Reproduce the listing below from the line with "In 1979 Fradkin" to the line with "Plakatas Tekstūruotos senovinės", both lines included, character for character, minus any pictures.

--- EXERCISE MATERIAL ---

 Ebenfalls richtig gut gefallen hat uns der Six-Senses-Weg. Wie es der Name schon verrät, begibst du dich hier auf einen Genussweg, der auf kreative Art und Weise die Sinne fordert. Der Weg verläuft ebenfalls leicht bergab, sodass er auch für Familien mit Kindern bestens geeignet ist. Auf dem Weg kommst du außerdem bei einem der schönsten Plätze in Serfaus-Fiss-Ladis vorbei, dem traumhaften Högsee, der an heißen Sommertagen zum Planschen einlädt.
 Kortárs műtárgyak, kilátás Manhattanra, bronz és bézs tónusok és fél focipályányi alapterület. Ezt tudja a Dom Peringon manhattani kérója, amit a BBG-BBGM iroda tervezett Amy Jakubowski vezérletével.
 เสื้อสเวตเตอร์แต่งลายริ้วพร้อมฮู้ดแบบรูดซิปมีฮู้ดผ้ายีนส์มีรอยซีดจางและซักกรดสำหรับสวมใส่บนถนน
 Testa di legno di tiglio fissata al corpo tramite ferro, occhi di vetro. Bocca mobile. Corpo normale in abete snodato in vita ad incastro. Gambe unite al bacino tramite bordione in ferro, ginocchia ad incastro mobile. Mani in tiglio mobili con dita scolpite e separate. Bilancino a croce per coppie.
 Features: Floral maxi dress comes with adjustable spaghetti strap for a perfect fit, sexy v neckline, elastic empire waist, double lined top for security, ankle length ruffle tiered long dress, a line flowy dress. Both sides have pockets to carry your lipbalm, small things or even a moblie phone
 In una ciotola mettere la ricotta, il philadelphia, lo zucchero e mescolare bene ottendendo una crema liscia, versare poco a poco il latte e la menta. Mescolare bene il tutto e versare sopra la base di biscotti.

---
--- EXERCISE MATERIAL ---

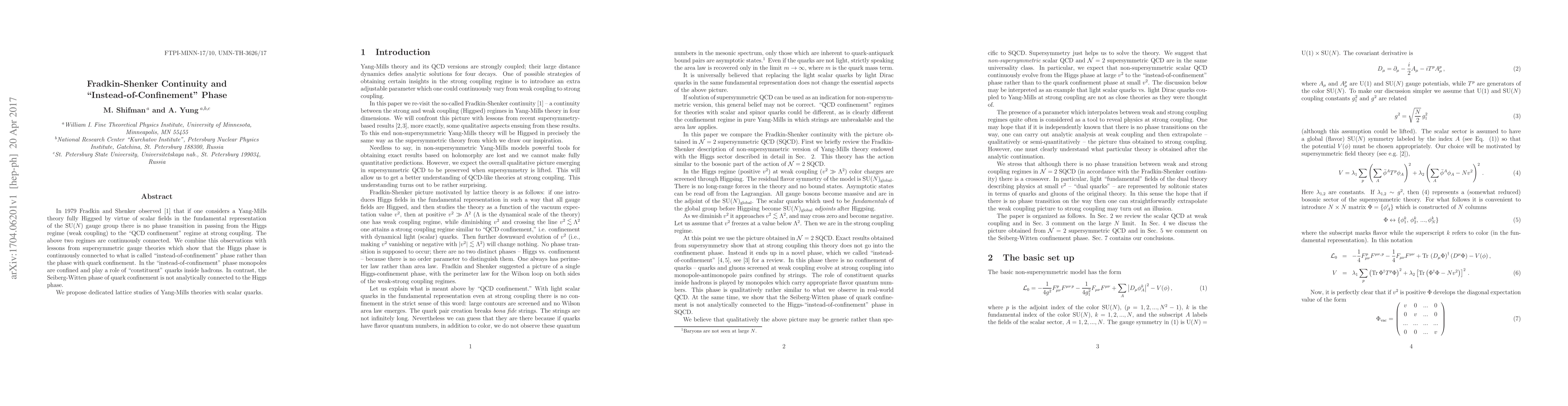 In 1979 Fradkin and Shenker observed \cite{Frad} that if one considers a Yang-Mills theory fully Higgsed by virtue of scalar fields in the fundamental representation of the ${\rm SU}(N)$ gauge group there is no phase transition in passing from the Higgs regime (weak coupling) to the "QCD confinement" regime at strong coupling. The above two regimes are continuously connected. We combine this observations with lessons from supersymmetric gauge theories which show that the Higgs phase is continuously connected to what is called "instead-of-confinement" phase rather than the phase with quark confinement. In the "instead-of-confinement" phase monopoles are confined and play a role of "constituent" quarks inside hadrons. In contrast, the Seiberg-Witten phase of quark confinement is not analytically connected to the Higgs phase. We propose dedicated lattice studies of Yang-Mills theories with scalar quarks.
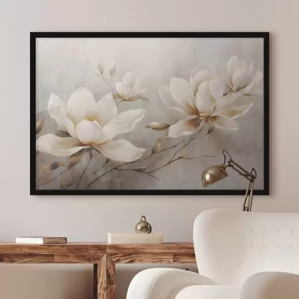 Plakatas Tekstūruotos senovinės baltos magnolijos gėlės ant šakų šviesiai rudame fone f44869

---
--- EXERCISE MATERIAL ---

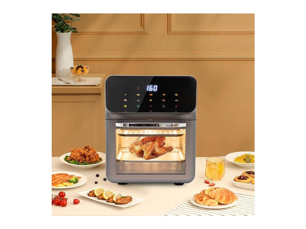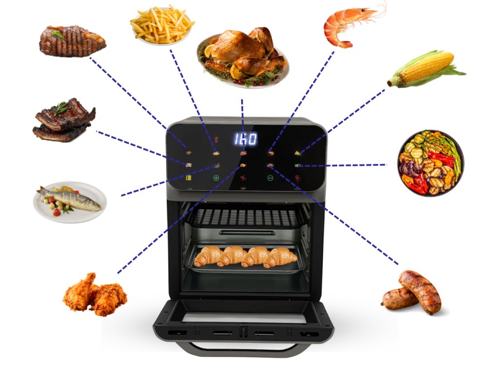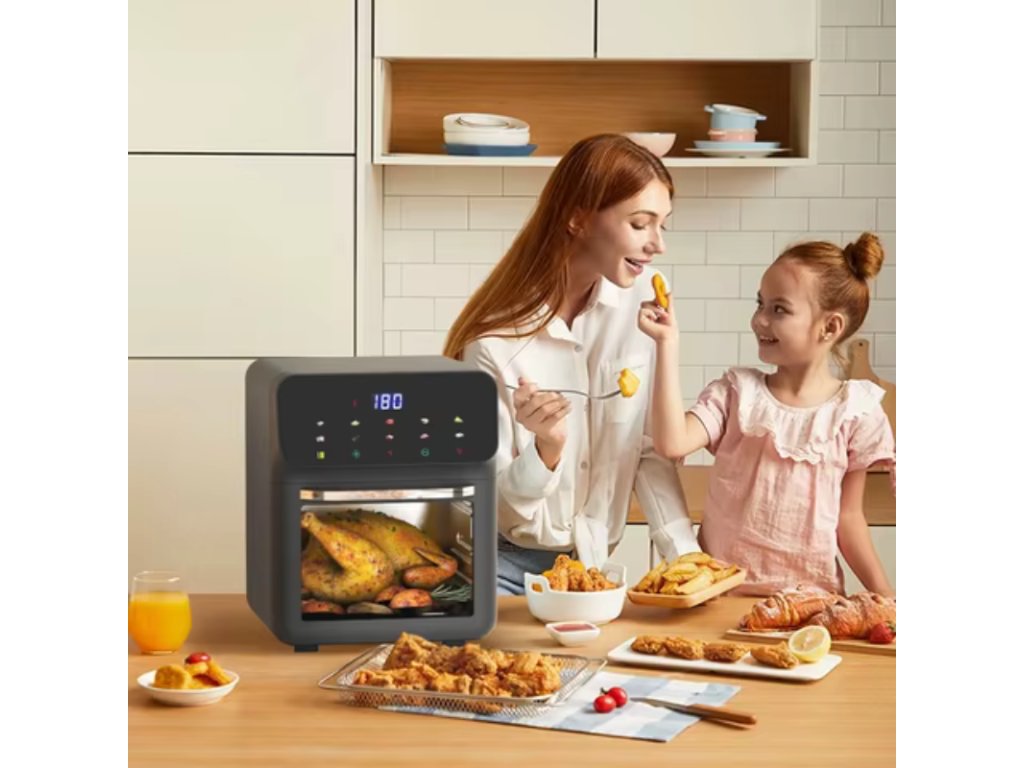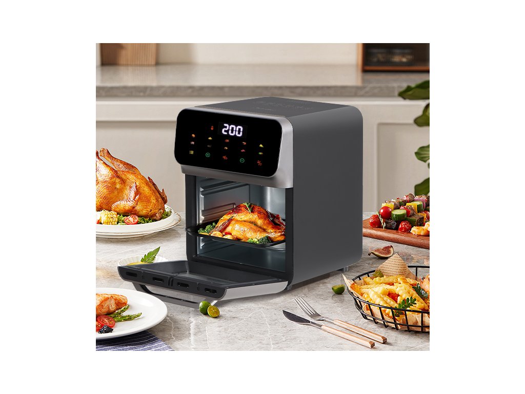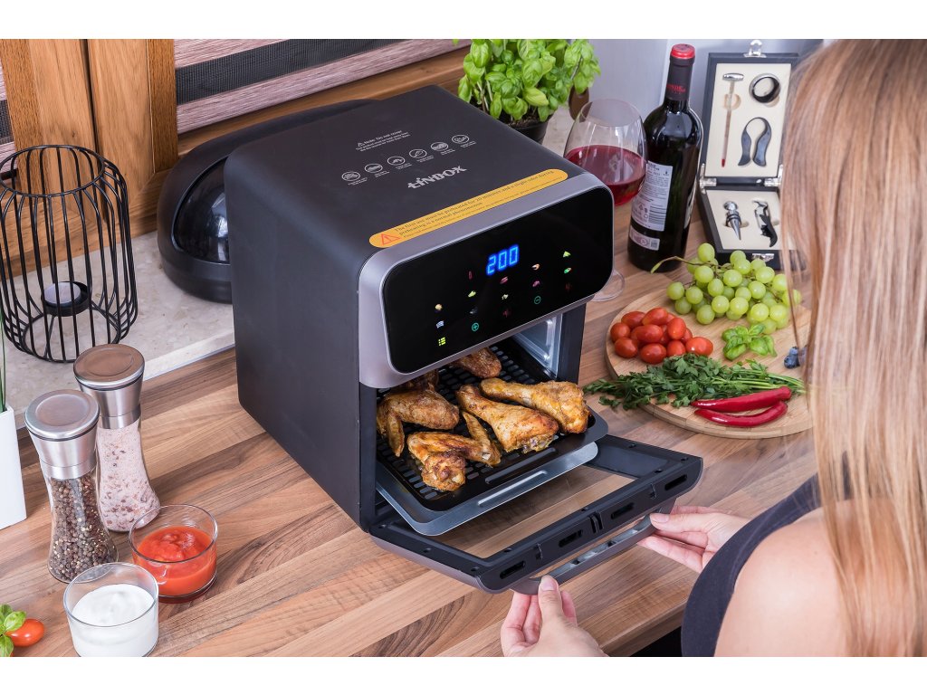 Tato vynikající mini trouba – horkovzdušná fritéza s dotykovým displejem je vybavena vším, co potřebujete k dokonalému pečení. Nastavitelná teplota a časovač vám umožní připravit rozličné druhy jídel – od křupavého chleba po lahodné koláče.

---

• [SOLUTION TO THIS TASK]
 In 1979 Fradkin and Shenker observed \cite{Frad} that if one considers a Yang-Mills theory fully Higgsed by virtue of scalar fields in the fundamental representation of the ${\rm SU}(N)$ gauge group there is no phase transition in passing from the Higgs regime (weak coupling) to the "QCD confinement" regime at strong coupling. The above two regimes are continuously connected. We combine this observations with lessons from supersymmetric gauge theories which show that the Higgs phase is continuously connected to what is called "instead-of-confinement" phase rather than the phase with quark confinement. In the "instead-of-confinement" phase monopoles are confined and play a role of "constituent" quarks inside hadrons. In contrast, the Seiberg-Witten phase of quark confinement is not analytically connected to the Higgs phase. We propose dedicated lattice studies of Yang-Mills theories with scalar quarks.
 Plakatas Tekstūruotos senovinės baltos magnolijos gėlės ant šakų šviesiai rudame fone f44869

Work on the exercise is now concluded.